I agree that the literature often reports NDCG@k for k in [3 - 10]. It seems that the implementation in ranklib can use a cutoff point to only compute lambda (the dcg derivative) for the top samples:

http://sourceforge.net/p/lemur/code/HEAD/tree/RankLib/trunk/src/ciir/umass/edu/learning/tree/LambdaMART.java#l377

Owner

ogrisel commented Jan 30, 2014

Maybe a good way to handle the ties would be to sort by decreasing y_pred first and then by increasing y_true in case of tie to be pessimistic. We can use np.lexsort for this apparently. We can also use that for sorting several groups of samples in one go (sort by group, then by decreasing y_pred then by increasing y_true:

>>> group  = np.array([1, 1, 1, 0, 0, 2, 2, 2, 2])
>>> y_true = np.array([3, 4, 0, 4, 2, 4, 3, 0, 0])
>>> y_pred = np.array([3, 0, 0, 2, 3, 2, 3, 0, 1])
>>> y_pred_inv = y_pred * -1
>>> ix = np.lexsort([y_true, y_pred_inv, group])
>>> ix
array([4, 3, 0, 2, 1, 6, 5, 8, 7])
>>> group[ix]
array([0, 0, 1, 1, 1, 2, 2, 2, 2])
>>> y_pred[ix]
array([3, 2, 3, 0, 0, 3, 2, 1, 0])
>>> y_true[ix]
array([2, 4, 3, 0, 4, 3, 4, 0, 0])

This way, in one call to numpy.lexsort we can sort all the samples at once in a manner that penalizes y_pred ties.

Contributor

jwkvam commented Jan 30, 2014

@ogrisel I'll take a look at the yandex dataset. I did see your PR, I'll merge it soon.

I guess I shouldn't be surprised that people would like a cutoff parameter.
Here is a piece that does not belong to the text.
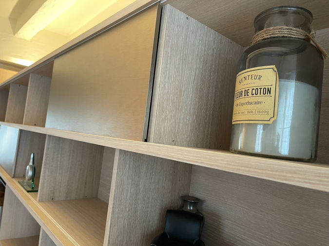 En partie basse les rangements et tiroirs sont recouverts de façades en laque mate teinte “galet”, une couleur douce et minérale qui s’accorde parfaitement aux nuances du chêne blanchi.

I'll add that to this PR. RankLib forces you to have a cutoff parameter [1]. GBM calls it max.rank, I would call the parameter max_rank unless there are objections/suggestions.
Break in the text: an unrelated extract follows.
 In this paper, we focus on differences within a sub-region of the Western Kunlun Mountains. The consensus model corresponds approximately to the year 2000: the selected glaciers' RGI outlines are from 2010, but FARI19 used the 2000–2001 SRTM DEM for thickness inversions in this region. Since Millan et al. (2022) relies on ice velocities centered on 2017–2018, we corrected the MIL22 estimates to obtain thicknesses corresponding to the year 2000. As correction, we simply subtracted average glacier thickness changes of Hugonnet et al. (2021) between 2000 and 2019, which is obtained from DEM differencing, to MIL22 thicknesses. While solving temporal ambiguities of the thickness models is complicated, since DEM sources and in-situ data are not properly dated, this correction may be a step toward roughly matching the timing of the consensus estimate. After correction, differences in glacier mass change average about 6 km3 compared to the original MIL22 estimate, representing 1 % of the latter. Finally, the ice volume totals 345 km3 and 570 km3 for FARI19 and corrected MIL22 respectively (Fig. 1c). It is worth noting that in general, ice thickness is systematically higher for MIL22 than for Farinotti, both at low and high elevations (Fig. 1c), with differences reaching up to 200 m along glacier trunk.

I haven't thought about handling ties up to this point, I've blissfully ignored that issue. At first glance, I like your pessimistic approach though. I'd be interested in seeing what other packages do.
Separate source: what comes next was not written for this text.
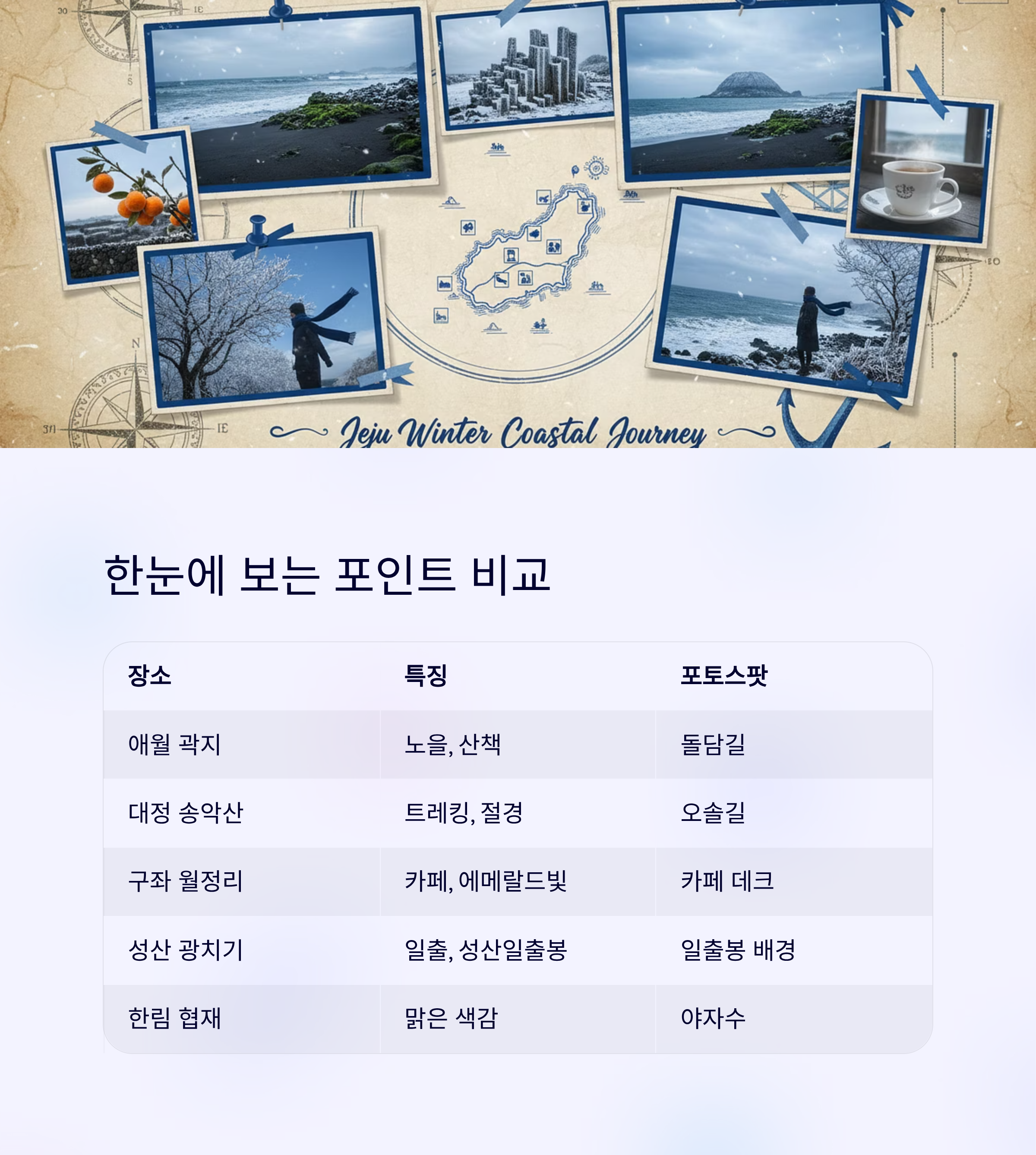 이번 글에서는 2025년 겨울 기준, SNS에서 가장 많이 언급되고 반응이 좋았던 제주 겨울 바다 포인트들을 모아 소개합니다.추천 장소는 모두 현지 후기와 최신 정보 기준으로 확인했고,

[1] http://sourceforge.net/p/lemur/wiki/RankLib%20How%20to%20use/

Owner

glouppe commented Jan 30, 2014

Regarding ties, I think we should instead have a look at the literature to
see what is the standard way to handle them instead of making something up.
Rank-based metrics are often sensitive to ties handling. We should really
be cautious about that.

On 30 January 2014 09:39, Olivier Grisel notifications@github.com wrote:

Maybe a good way to handle the ties would be to sort by decreasing y_predfirst and then by increasing
y_true in case of tie to be pessimistic. We can use np.lexsort for this
apparently. We can also use that for sorting several groups of samples in
one go (sort by group, then by decreasing y_pred then by increasing y_true
:

group = np.array([1, 1, 1, 0, 0, 2, 2, 2, 2])
y_true = np.array([3, 4, 0, 4, 2, 4, 3, 0, 0])
y_pred = np.array([3, 0, 0, 2, 3, 2, 3, 0, 1])
y_pred_inv = y_pred * -1
ix = np.lexsort([y_true, y_pred_inv, group])
ix
array([4, 3, 0, 2, 1, 6, 5, 8, 7])
group[ix]
array([0, 0, 1, 1, 1, 2, 2, 2, 2])
y_pred[ix]
array([3, 2, 3, 0, 0, 3, 2, 1, 0])
y_true[ix]
array([2, 4, 3, 0, 4, 3, 4, 0, 0])

This way, in one call to numpy.lexsort we can sort all the samples at
once in a manner that penalizes y_pred ties.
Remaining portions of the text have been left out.